Beatings and Shame: Native Americans Testify at Boarding School Tribunal

By Brenda Norrell
GREEN BAY, Wisconsin -- The testimony of Native Americans who were beaten in boarding schools concluded on Friday, during the three day Boarding School Tribunal here. Native Americans described being kidnapped from their families and not seeing them for years, while they endured severe beatings and starvation in boarding schools operated by the governments of the United States and Canada and religious organizations.
Imprisoned activist Leonard Peltier’s written statement was read into the record, describing the way he was kidnapped and beaten in boarding school.
Madonna Thunder Hawk shared the story of a Lakota elder from Cheyenne River in South Dakota. At four years old, he was thrown against the wall repeatedly until his bones were broken for wetting the bed in boarding school. Now, he is over 70 years old and his back is still scarred from the beatings there.

Bill Means, Lakota, described how his father’s job was to care for the horses in boarding schools. One of his friends was beaten to death by the school staff when one of the horses ran into barbed wire as the boys tried to catch him.
Roxanna Banguis, Ed.D., Tlingit, Haida and Sechelt, said her mother told her that there were constant beatings in the boarding school in Sechelt B.C. When the school partially burned down, skeletons of babies were found in the walls.
"The sexual molesters, the predators, found a job where they can abuse children."
"The worst is the baby skeletons they found in those walls. We don't know if those were Native Americans, or from the nuns." She said the nuns were not celibate.
One young man from Michigan described being raped by a priest at the age of five, the blood running down his leg, and the trauma remaining for the rest of his life.

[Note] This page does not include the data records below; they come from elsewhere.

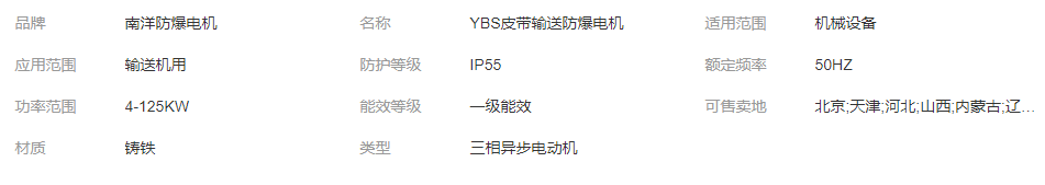 >產(chǎn)品供應(yīng)>工程配件>傳動系統(tǒng)>驅(qū)動電機(jī)>南洋防爆電機(jī) 廠家供應(yīng)YBS防爆80V/660V 額定頻率 50Hz 電機(jī)、電機(jī)配件的生產(chǎn)銷售、維修及試驗(yàn)測試,機(jī)電、機(jī)械產(chǎn)品的進(jìn)出口貿(mào)易;房屋租賃。(涉及許可審批項(xiàng)目,需憑許可證經(jīng)營,未…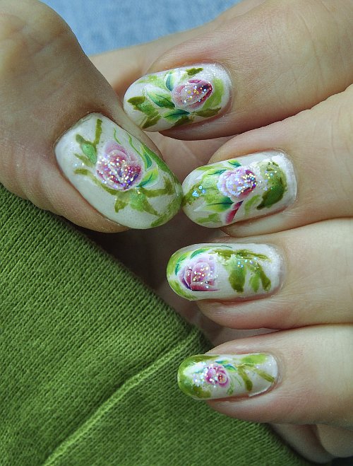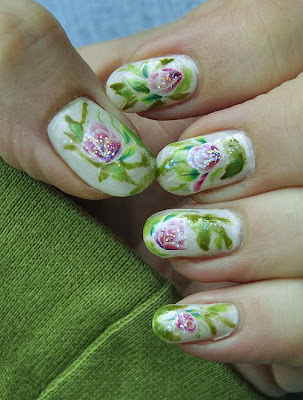 Da ich mit Nagel-Tattoos so gute Erfahrungen gemacht habe, habe ich mir heute hübsche Blumen für die Nägel ausgesucht. Als Grundierung hatte ich einen weißen Lack von Essence ausgewählt, der aber leider so dünn war, dass ich ganze drei (!) Lagen auftragen musste, die dann auch noch sehr unregelmäßig blieben. Darauf kam ein Jolfin Tattoo mit Rosen. Einen preiswerten Bastelpinsel habe ich so zurechtgestutzt, dass ich mit diversen grünen Lacken kleine Blätter als Ergänzung der Sticker aufgemalt habe.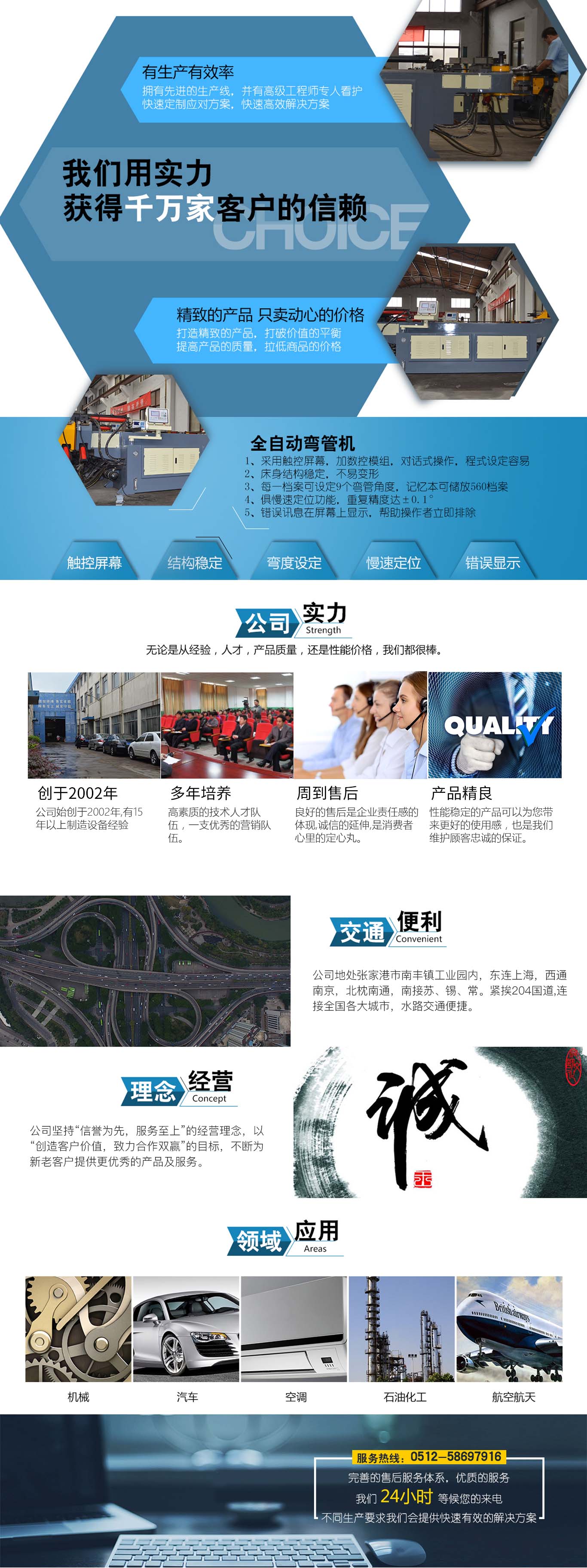 張家港市雙和機(jī)械制造有限公司始建于2001年,占地面積12000平方米,南鄰蘇州、無錫、上海,東鄰常州、南京,交通便利,位長(zhǎng)三角中間地段,風(fēng)景優(yōu)美的張家港。 雙和公司至創(chuàng)立開始,引進(jìn)了國(guó)外的設(shè)計(jì)制造理念,組建了企業(yè)生產(chǎn)管理優(yōu)秀團(tuán)隊(duì),致力于管材加工機(jī)械研發(fā)、設(shè)計(jì)、制造。創(chuàng)新的設(shè)計(jì)理念,嚴(yán)格的質(zhì)量把關(guān),專業(yè)的售后服務(wù),不斷提升了我在整個(gè)行業(yè)的影響力。 雙和公司生產(chǎn)的系列產(chǎn)品分為彎管機(jī)、切管機(jī)、縮管機(jī)、磨齒機(jī)、伺服彎管機(jī)、數(shù)控彎管機(jī)、液壓彎管機(jī)、自動(dòng)切管機(jī)、管端成型機(jī)、倒角機(jī)、大弧滾圓機(jī)、鋁切機(jī)、壓彎?rùn)C(jī)等管材加工機(jī)械,廣泛用于航天業(yè)、造船業(yè)、汽車制造、鍋爐制造、自行車、摩托車、體育健身器材、管制品家...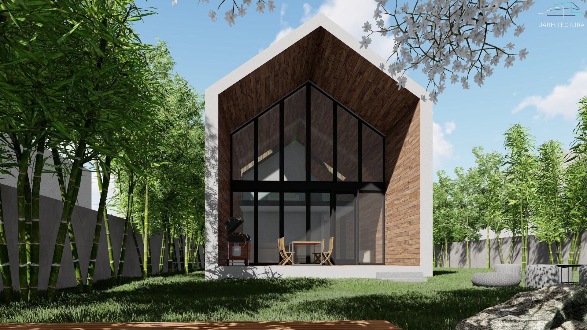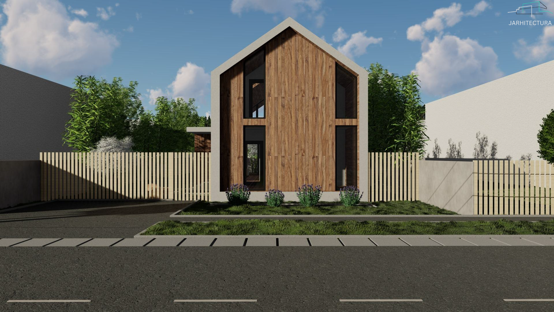 Constructia este compusa din 4 camere, living si 2 bai. Bucataria impreuna cu dining-ul fac parte din zona de zi alaturi de living. La etaj este prevazut un birou deschis cu vedere spre living. Este ideala unei familii cu un copil.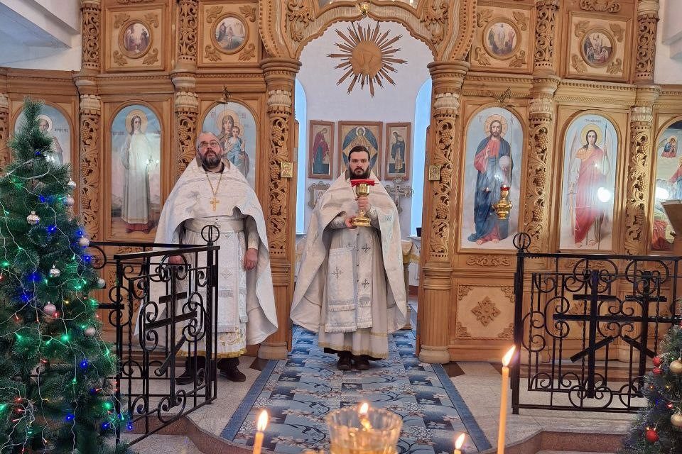 В день праздника Рождества Христова в храме в честь Успения Пресвятой Богородицы р. п. Чистоозерное состоялась Божественная литургия соборным служением.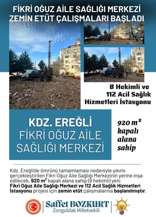 “Kdz. Ereğli’de ömrünü tamamlayan Fikri Oğuz Aile Sağlığı Merkezi’nin yerine yapılacak 8 hekimli yeni Aile Sağlığı Merkezi ve 112 Acil Sağlık Hizmetleri İstasyonu için zemin etüt çalışmalarına başlanmıştır. İlçemize ve vatandaşlarımıza hayırlı olsun.”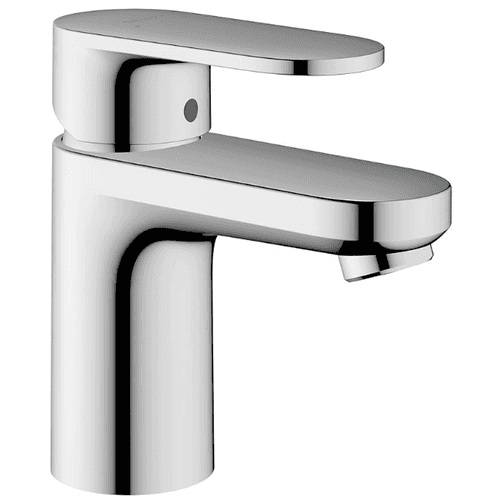 Auf diesem Bild sehen wir eine Valblue-Waschtischarmatur „Trento“ mit einer Push-On-Druckknopfautomatik zum Ein- und Ausschalten.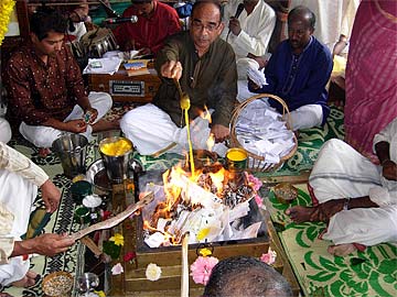 The Homa is going on and as usual hundreds of prayers are being burnt.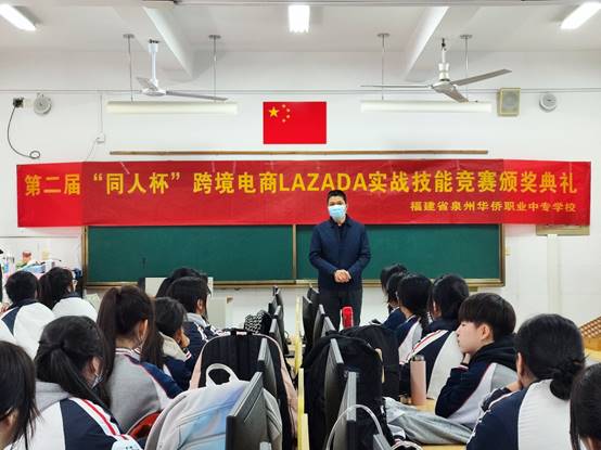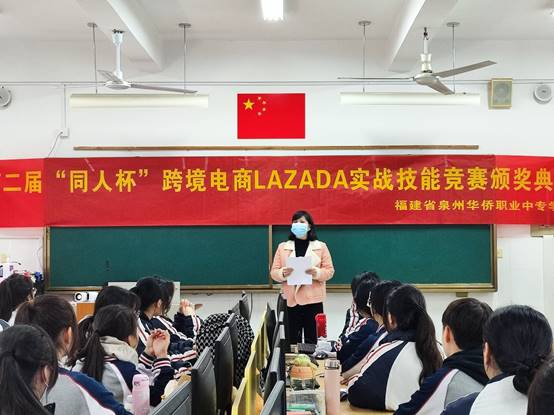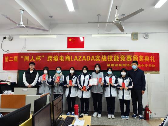 2022年12月以来,我校商务英语专业联合泉州三保网络科技有限公司举行了第二届“同人杯”跨境电商LAZADA实战技能竞赛,学生分团队比拼平台出单量,于2022年12月15日决出胜负。其中,施静雯团队获得第一名,张庭团队获得第二名,王嘉怡团队获得第三名。该竞赛的颁奖典礼暨订单班成果汇报于2022年12月16日上午于跨境电商实训室举行,我校许文忠副校长、商务英语组许晓婷组长、企业导师周子旭讲师及商务英语班师生出席了该仪式。

Grand Chief Terrance Nelson of the Southern Chiefs Organization described how shame and beatings were used in the psychology of control at boarding schools.  
Native children in the US and Canada were beaten and shamed when they spoke their own language, the only language they knew.
Dennis Banks, Anishinaabe, discussed the revitalization of the American Indian Movement. Banks announced a walk across America for Freedom for Leonard Peltier, beginning in Alcatraz in February and concluding in Washington DC in July 2015.
Dorothy Ninham, organizer of the Tribunal, urged a class action lawsuit against the US government and churches.
The Boarding Schools Tribunal in Green Bay, Oct. 22 -- 24, was the second annual Tribunal. The first Tribunal last year focused on Leonard Peltier and Indigenous Rights.